Seqanswers Leaderboard Ad

Collapse

Announcement

Collapse
No announcement yet.
X
 
  • Filter
  • Time
  • Show
Clear All
new posts

  • remove rRNA/tRNA from miRNA seq data

    Hi All,

    I am beginner at miRNA analysis. Now I am working on miRNA annotation.I have been working on it for several days but still have no idea how to do it.
    What I want is to annotate and remove rRNA/tRNA from my total data. Could anybody give me some guidelines or provide some resources?

    I know I should blast against Rfam. And probably I should use blastn. But I haven't been able to get what I mentioned above. I would appreciate if somebody can help me on it.

    Thanks!

  • #2
    I am really stuck here. It would be quite helpful if anybody can provide me some examples on how to blast against Rfam.

    Comment


    • #3
      Hi there, the rRNA sequences should be available in NCBI if your genome is sequenced - and get your tRNA sequences from Rfam, which is available through Biomart here: http://xfam-biomart.sanger.ac.uk/ - download the tRNA sequences for your genome.

      Then create a multi-FASTA file with all the rRNA and tRNA sequences inside it, build a Bowtie index of this multi-FASTA file, and align your reads against it.

      You can keep the unaligned reads then which do not map to rRNA or tRNA.

      For example:

      bowtie --best --un <unaligned_reads_file.fq> index_of_rRNAs_and_tRNAs <input_fastq_file>

      That should do the trick, then align unaligned_reads_file.fq against your genome.

      Comment


      • #4
        Originally posted by adam_ie View Post
        Hi there, the rRNA sequences should be available in NCBI if your genome is sequenced - and get your tRNA sequences from Rfam, which is available through Biomart here: http://xfam-biomart.sanger.ac.uk/ - download the tRNA sequences for your genome.

        Then create a multi-FASTA file with all the rRNA and tRNA sequences inside it, build a Bowtie index of this multi-FASTA file, and align your reads against it.

        You can keep the unaligned reads then which do not map to rRNA or tRNA.

        For example:

        bowtie --best --un <unaligned_reads_file.fq> index_of_rRNAs_and_tRNAs <input_fastq_file>

        That should do the trick, then align unaligned_reads_file.fq against your genome.
        Hi Adam,

        Your guidelines are very helpful! I am new in this area and I have been looking for ways to download rRNA/tRNA data. Bowtie can do the job, but blastn should preform better as is suggested in some literature I got. Is it correct? Do you have any idea on how to use blastn to perform this work?

        Comment


        • #5
          Bowtie2 ... not bowtie ... will perform what you want much faster and probably better than blast. Bowtie2, as adam_ie suggests, will create an output file of unaligned sequences. Blast will not do this thus you will have to run additional steps to parse the Blast output.
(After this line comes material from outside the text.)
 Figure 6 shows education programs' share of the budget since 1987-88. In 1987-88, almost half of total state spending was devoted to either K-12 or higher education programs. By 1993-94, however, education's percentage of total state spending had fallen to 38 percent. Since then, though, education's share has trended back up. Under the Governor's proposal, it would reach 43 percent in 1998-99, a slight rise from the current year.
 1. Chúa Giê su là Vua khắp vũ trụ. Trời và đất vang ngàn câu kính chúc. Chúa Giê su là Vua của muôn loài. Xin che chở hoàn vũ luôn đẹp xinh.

          If you are looking at literature that is over 2 years old and/or does not talk specifically about bowtie2 versus blastn then I suggest just ignoring that literature's advice.

          Comment


          • #6
            Originally posted by westerman View Post
            Bowtie2 ... not bowtie ... will perform what you want much faster and probably better than blast. Bowtie2, as adam_ie suggests, will create an output file of unaligned sequences. Blast will not do this thus you will have to run additional steps to parse the Blast output.
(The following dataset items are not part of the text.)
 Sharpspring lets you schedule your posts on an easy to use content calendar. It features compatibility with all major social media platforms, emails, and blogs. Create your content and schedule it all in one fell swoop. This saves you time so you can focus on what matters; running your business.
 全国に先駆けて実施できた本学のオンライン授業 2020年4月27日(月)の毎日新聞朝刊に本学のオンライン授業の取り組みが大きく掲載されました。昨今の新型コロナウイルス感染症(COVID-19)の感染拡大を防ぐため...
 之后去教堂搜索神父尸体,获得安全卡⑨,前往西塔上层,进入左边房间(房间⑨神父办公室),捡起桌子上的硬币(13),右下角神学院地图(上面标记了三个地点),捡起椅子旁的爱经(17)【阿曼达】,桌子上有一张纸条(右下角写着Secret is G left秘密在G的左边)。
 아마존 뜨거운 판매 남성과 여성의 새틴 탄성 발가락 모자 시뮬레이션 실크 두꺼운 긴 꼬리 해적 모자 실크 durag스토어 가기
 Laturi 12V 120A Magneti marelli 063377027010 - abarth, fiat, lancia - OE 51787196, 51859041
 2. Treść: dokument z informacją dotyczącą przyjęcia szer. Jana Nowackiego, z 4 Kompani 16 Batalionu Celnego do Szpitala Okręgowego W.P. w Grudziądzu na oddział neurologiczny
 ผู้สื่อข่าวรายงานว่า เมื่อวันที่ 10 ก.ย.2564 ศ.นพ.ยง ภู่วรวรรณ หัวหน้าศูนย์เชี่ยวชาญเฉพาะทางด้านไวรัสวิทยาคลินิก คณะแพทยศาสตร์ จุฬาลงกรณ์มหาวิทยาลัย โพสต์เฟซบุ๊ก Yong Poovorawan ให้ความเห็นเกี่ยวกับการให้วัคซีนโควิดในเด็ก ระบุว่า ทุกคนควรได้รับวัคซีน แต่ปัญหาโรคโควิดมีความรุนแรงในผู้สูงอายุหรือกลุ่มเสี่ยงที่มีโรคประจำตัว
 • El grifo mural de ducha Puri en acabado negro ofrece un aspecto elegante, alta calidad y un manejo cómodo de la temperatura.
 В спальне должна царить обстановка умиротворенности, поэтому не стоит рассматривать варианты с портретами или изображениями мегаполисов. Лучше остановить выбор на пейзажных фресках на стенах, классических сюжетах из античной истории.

            If you are looking at literature that is over 2 years old and/or does not talk specifically about bowtie2 versus blastn then I suggest just ignoring that literature's advice.
            Hi, thank you for your suggestions. I will try to use bowtie 2 instead. But I am still not sure as Bowtie 2 or bowtie works best when aligning to large genomes according to their manual(http://bowtie-bio.sourceforge.net/bo...-isnt-bowtie-2). So could bowtie 2 just replace blast for this job?

            Comment


            • #7
              I see what you mean -- the manual suggests the bowtie2 is good for large genomes while Blast (and others) are good for shorter genomes. The rRNA/tRNAs would indeed a be a short "genome".
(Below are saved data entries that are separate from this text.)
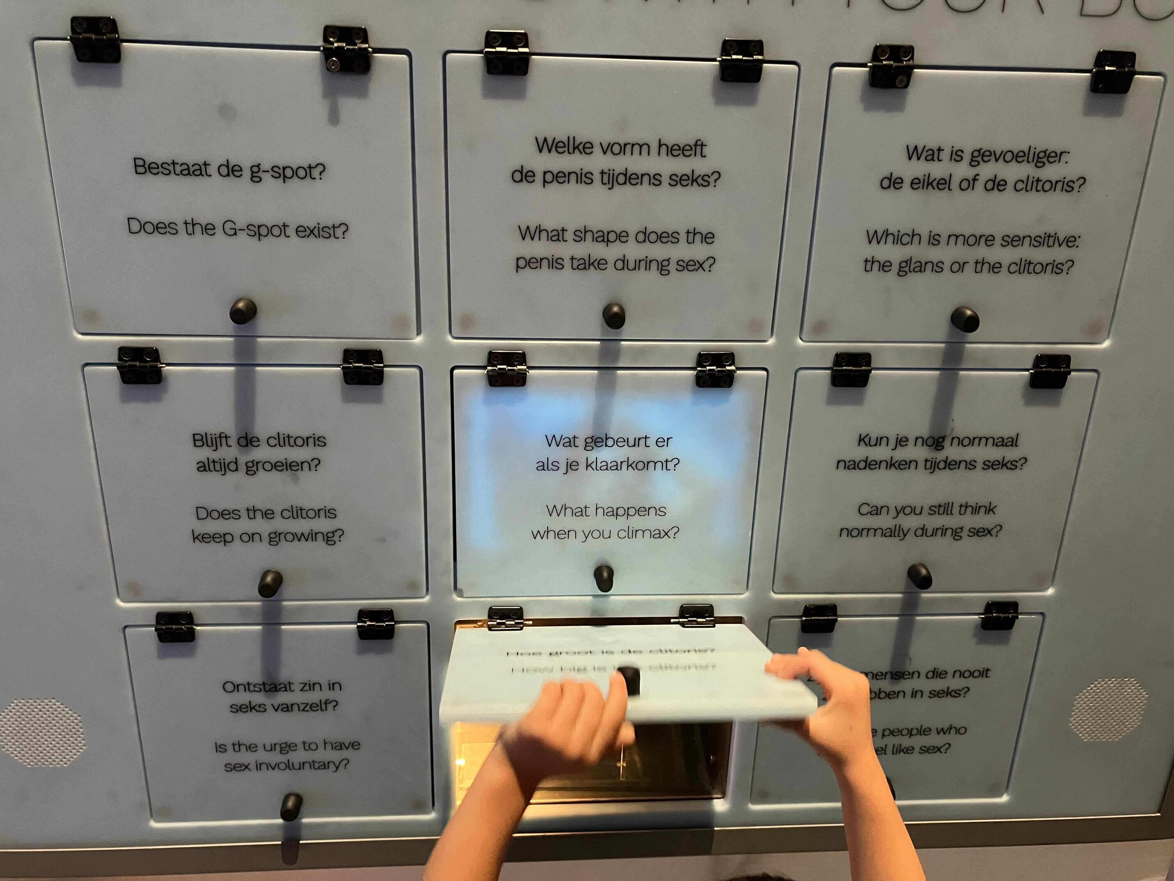 また性行為についてたくさんのQ&Aコーナーが設けられており、「How often do people have sex?(人々はどのくらいの頻度でSEXするのか?)」「Do people of 70 and older have sex?(70歳以上の人はSEXするのか?)」といった「えっ、それ気になる…!」というお題設定に引き込まれ、多くの人が足を止めて展示を見ていました。また「Does the G-spot exist?(Gスポットは存在するのか?)」「Which is more sensitive:the glans or the clitoris?(亀頭とクリトリスはどちらが敏感か?)」など日本においては成人雑誌やエロサイトでしか取り扱っていなさそうなお題を堂々と科学館で回答してくれるオープンさ。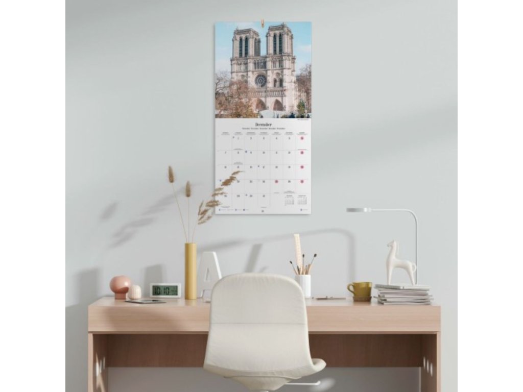 Oficiální produkt - dvanáctiměsíční nástěnný kalendář na rok 2026 s fotografiemi z města Paříž.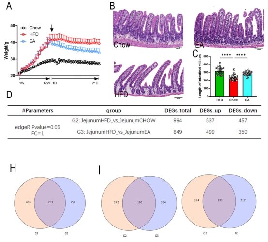 相較于HFD組,EA組顯示出顯著地減肥效果(圖2A),并減少了附睪、腎臟和腹股溝區(qū)域的脂肪堆積。空腸是腸道脂質(zhì)消化和吸收的主要區(qū)域,HFD小鼠的空腸絨毛明顯長(zhǎng)于食物組(圖2B, 2C)。HFD組和正常對(duì)照組間共鑒定出994個(gè)差異表達(dá)基因DEG(圖2D-F),HFD組和EA組共鑒定出849個(gè)DEG(圖2G);通過取兩個(gè)比較組共有的DEG,作為EA直接調(diào)控肥胖的DEG,共檢測(cè)到共有基因299個(gè),其中上調(diào)的有165個(gè),下調(diào)的有133個(gè)(圖2H-J)。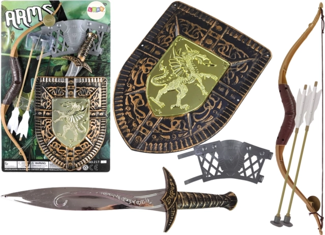 - Štít so symbolom draka, meč, luk, 2× šíp, chránič zápästia, originálne balenie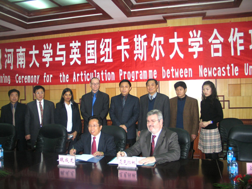 早在2003年,我校校长关爱和就代表我校与纽卡斯尔大学签署了校际合作备忘录,在此基础上,两校就联合培养学生,相互承认学分进行了磋商,2006年5月双方达成意向。目前,该项目已经过河南省教育厅批复。我校已经有48名学生经过选拔,加入该项目学习。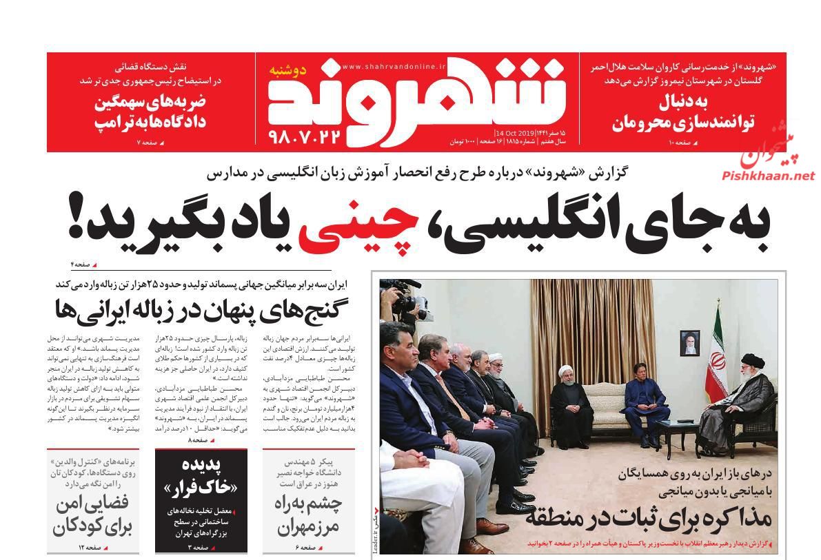 عصر ایرانیان ، دوشنبه ۲۲ مهر

              Really either program can be used either way -- the manual just says "... [short genomes] can be done with Bowtie 2 but you may want to consider ... Blast ..."

              All I can say is that I use bowtie2 for rRNA removal and am satisfied with it. It may not catch every rRNA but unless I know exactly what rRNAs I have then 95+% accuracy is good enough. Bowtie is quick to run and easy to use since it generates the desired output file.

              Comment


              • #8
                Hi Westerman,

                I am using bowtie2 for rRNA removal:

                Step1: Create Index

                # bowtie2-build rRNA.fasta rRNA.index

                Step 2: Align to rRNA index inorder to get rRNA free fastq file.
                Input fastq file is not that big

                # bowtie2 -p 2 -M 1 -q -U /filter_clean.fastq --un fasqFileWithoutrRNA -x rRNA.index --al aligned to rRNA.fastq

                It is taking long to do alignment (More than 1hour and still running).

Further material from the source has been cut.